Public health–Global health: on disease, development and (ignoring the) data

In April 2021, the UK Government announced large cuts to its support for global health programmes. Many of these programmes are directed to tackling serious disease and/or building public health systems. Cuts to other areas of Development are also in train as a consequence of the UK Government’s decision to reduce its overall aid budget from an agreed 0.7% of GDP (as previously legislated for by Parliament[1]) to 0.5%. In % terms the reduction may appear small: in real terms £4.37bn[2] is being excised from UK AID, with few concrete assurances as to when the reduction will be reversed. Hitherto a leader in the field of Aid and International Development, it is little wonder the Government has come under increasing pressure to reverse its decision. Spending is already below pre-pandemic levels because of the contraction in the UK’s GDP over the last eighteen months. The proposed additional reduction now will directly impact the character, quantity, and quality of health provision for some of the world’s most vulnerable.

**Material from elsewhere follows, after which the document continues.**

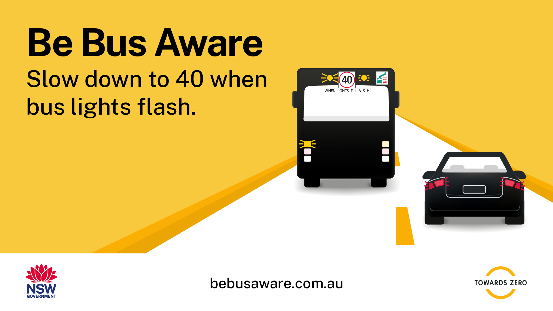 Unless a lower speed limit applies, by law motorists must slow down to 40km/h when bus lights flash, as this means the bus is picking up or dropping off school children who may be crossing or about to cross the road. #BeBusAware |

My concern about the proposed reduction in the UK’s overseas aid budget falls under three headings. Much could be said on each.

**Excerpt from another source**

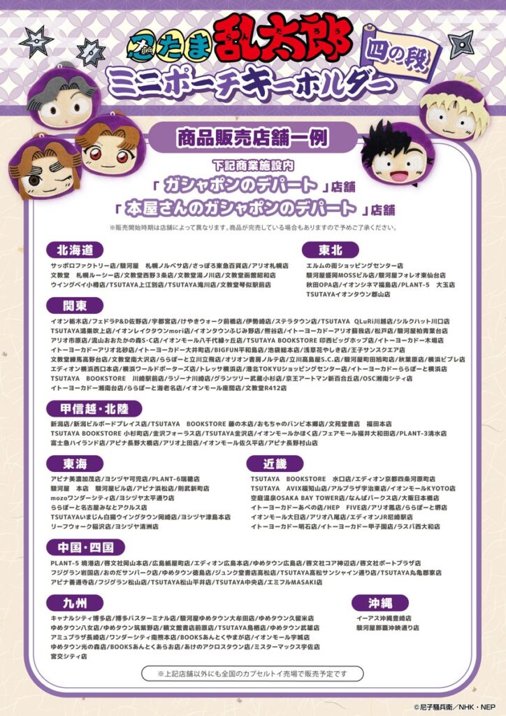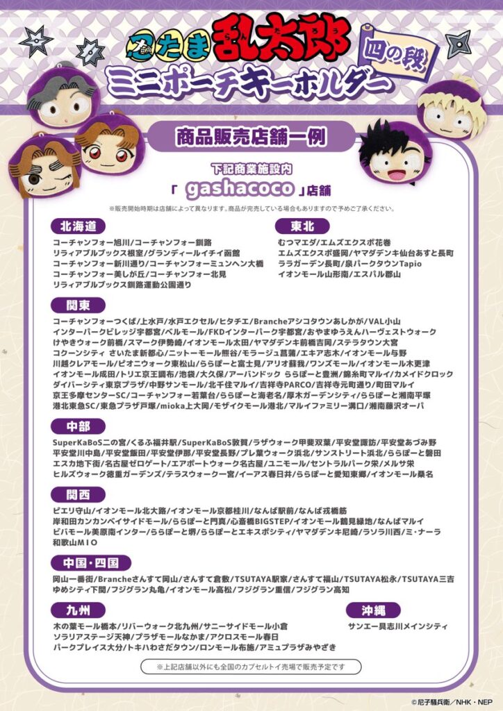 バンダイ(ガシャポン)イオンモール(ガシャポンのデパート)、ヨドバシカメラ、ビックカメラ、エディオン、JR駅構内、コンビニ、namco、ラウンドワン、タイトーステーション、トイザらス、ロフト、ドン・キホーテ、紀伊國屋書店、TSUTAYA など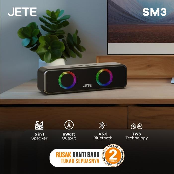 JETE Speaker Bluetooth Portable V5.3 SM3 with LED Light - Garansi Resmi 2 Tahun

Firstly, the policy will have a direct adverse effect on present and future levels of serious infectious disease. COVID has come as a stark reminder to us all that once a virus takes hold it is hard to bring it back under control. History confirms the same is true of other chronic conditions and transmissible diseases. It is only by sustained effort that serious diseases are stamped out. The UK provides its own sad narrative to confirm this truism.

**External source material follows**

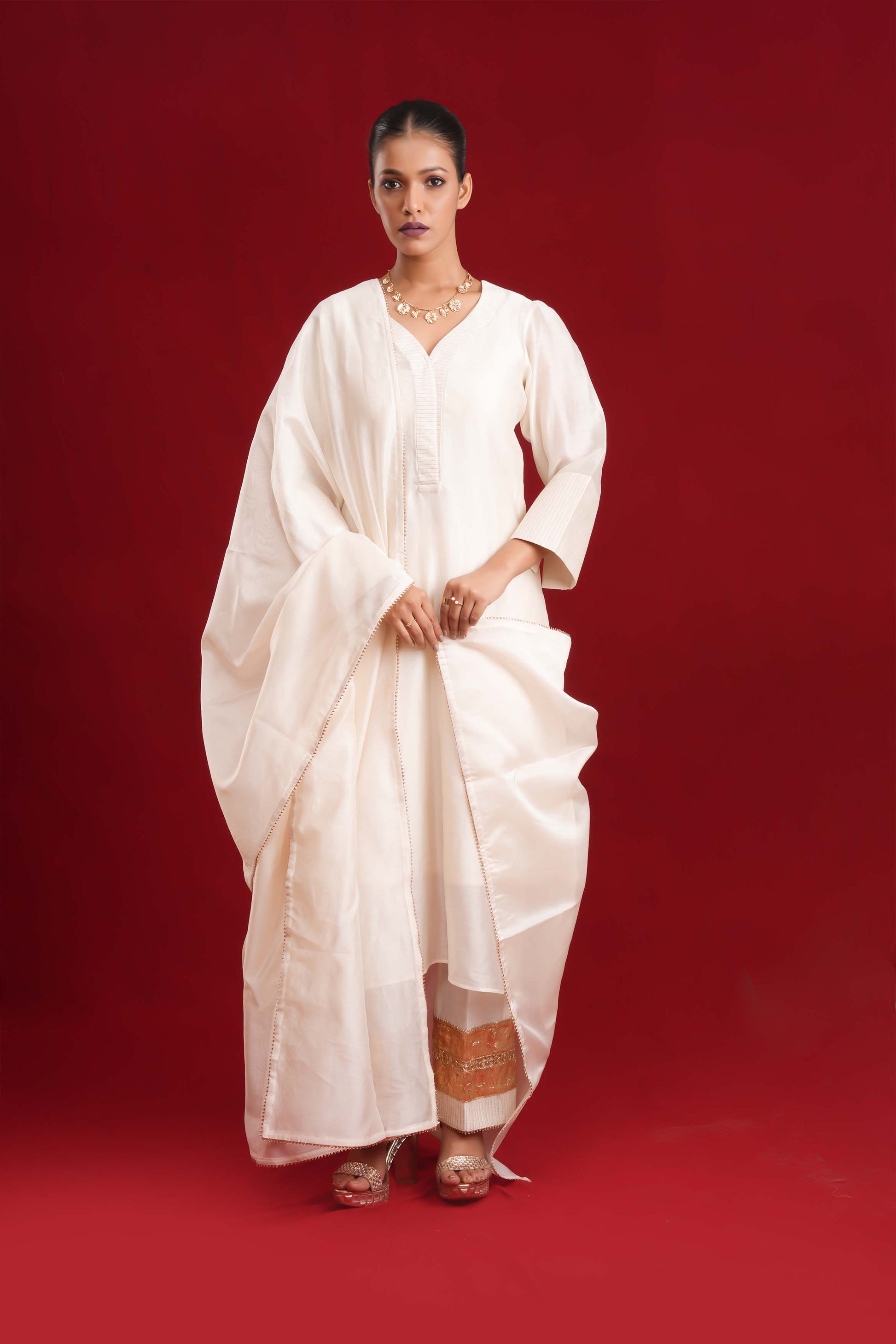 WHITE ROYAL SILK SUIT SET

Take the case of the Royal Free Hospital in North London. Founded in 1828 on its old site on the Mile End Road, from the outset this pioneering institution sought to provide free medical care for those who could not pay. In time it would become the only place offering women the chance of a career in medicine. The title ‘Royal’ was granted by the young Queen Victoria in 1837 in recognition of the hospital’s response to the cholera epidemic of 1832. The disease, which had appeared in 1831, had spread to London by February 1832. Though precise figures are hard to obtain, it is estimated that ca. 4000-7000 people succumbed to the disease in 1832-1833. The Royal Free Hospital (as it became known) was the only hospital to remain open during the cholera epidemics of 1849 and 1854. The hospital’s website states: ‘As the Royal Free expanded over the next century, its reputation for the management of infectious diseases grew. Three hospitals, the London Fever Hospital, the Hampstead Smallpox Hospital and Coppetts Wood Hospital, which were founded for the treatment of infections including smallpox, scarlet fever and diphtheria, [all] became part of the RFH group.’ Focus, coordination, and long-term medical oversight were pivotal in eradicating cholera from the UK. Add to these, the vaccination programmes and other public health measures (i.e., clean and sewage water systems, improved housing, an improved diet, and personal hygiene education) which have been developed and maintained over the last 175 years have meant the Royal Free – and all other hospitals in the UK – now see few cases of diseases many of them were founded to treat. The results have been an improvement of health in Britain and an increase in life expectancy. As the story of the Royal Free hospital makes clear, vision, compassion, philanthropy, and gritty determination have made the UK a leader in healthcare provision at home and abroad. This is a regal legacy worth protecting.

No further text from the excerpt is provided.